Plaintiff's Memorandum of Law, dated April 7, 2014;



Plaintiff's Rule 19-a Statement, dated April 7, 2014;



Affirmation of Aaron Seligson, Esq., dated May 12, 2014, with attached exhibits A-C;



Affirmation of William P. Laino, Esq., dated May 28, 2014, with attached exhibits 1-2;



Plaintiff's Reply Memorandum of Law, dated May 28, 2014.

Footnotes


Footnote 1:Plaintiff filed a Rule 19-a Statement in accordance with the Rules of the Commercial Division. While defendant neglected to submit a Counter Rule 19-a Statement and plaintiff requests that all material facts alleged in its Statement be deemed admitted, the Court will, in the exercise of its discretion, consider defendant's affidavit in opposition to be the functional equivalent of a Counter Rule 19-a Statement for purposes of this motion and, in any event, decide the motion on the basis of the entire record before it.

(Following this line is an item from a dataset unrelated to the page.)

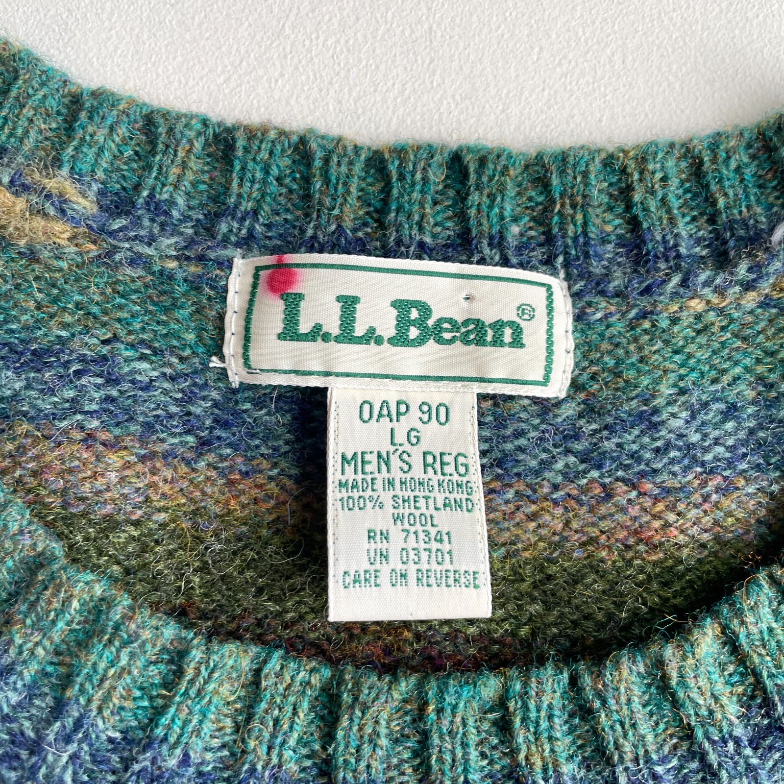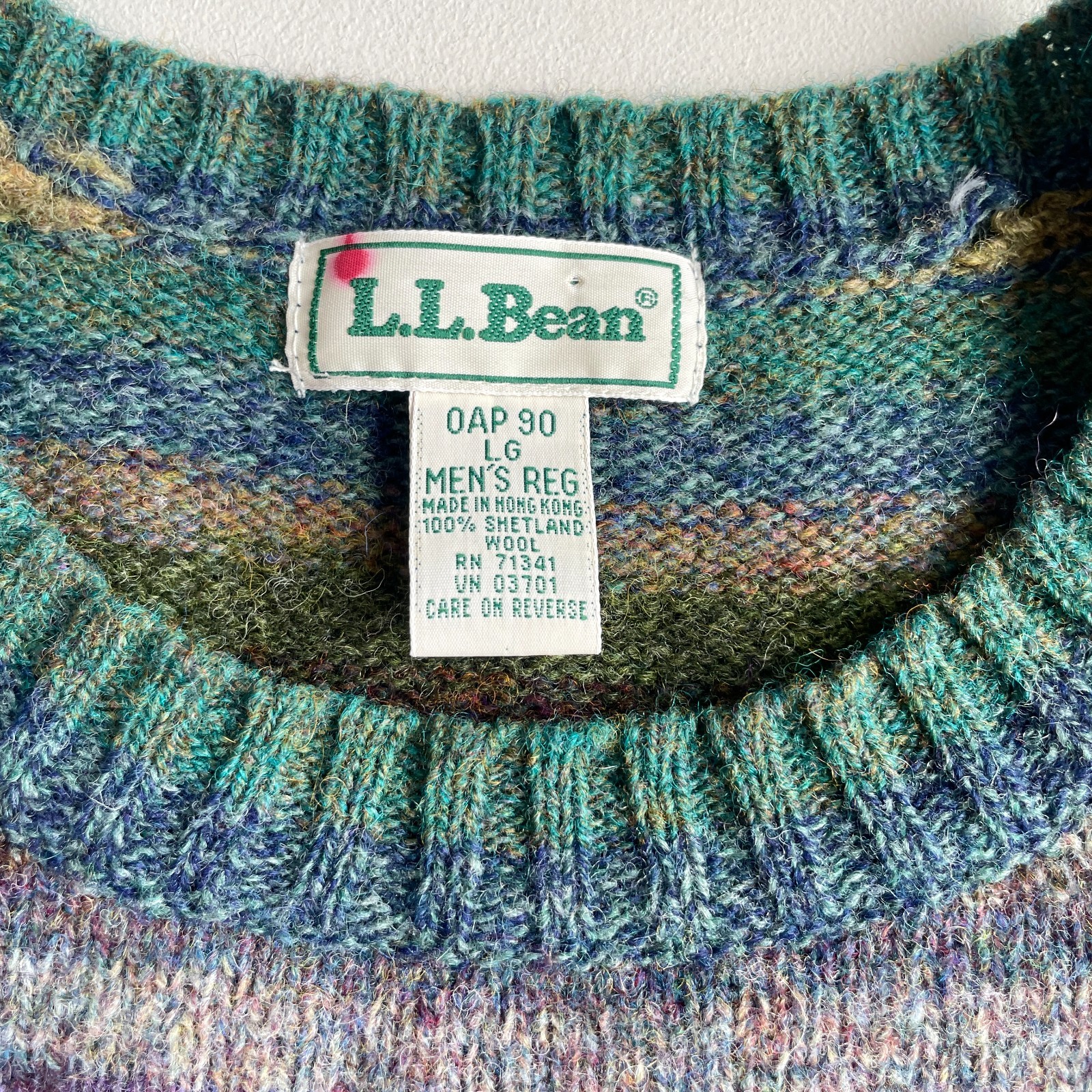 VNTG LL Bean L Shetland Wool Striped Multi-Color Sweater

Footnote 2:Defendant also asserts, in passing, that it is "theoretically" entitled to an offset of $50,000, representing the funded "carve out" funds ordered by the Bankruptcy Court. In addition to contradicting defendant's verified answer, the argument runs counter to the clear language of the APA, which requires defendant to pay GECC the full $75,000 without offset.

Footnote 3:The APA, to which GECC is not even a party, provides for binding arbitration between the Debtor and the Buyer in the event of any disputes concerning Closing Adjustments. While defendant laments that this procedure is ineffective without GECC's participation, the comprehensive written agreement that it entered into, which was approved and so-ordered by the Bankruptcy Court, fails to impose any such obligation on GECC.

Footnote 4:Further, it is apparent that this information was available to defendant through the exercise of reasonable diligence.

Footnote 5:As GECC notes, it also granted defendant a four-month extension to pay the $75,000.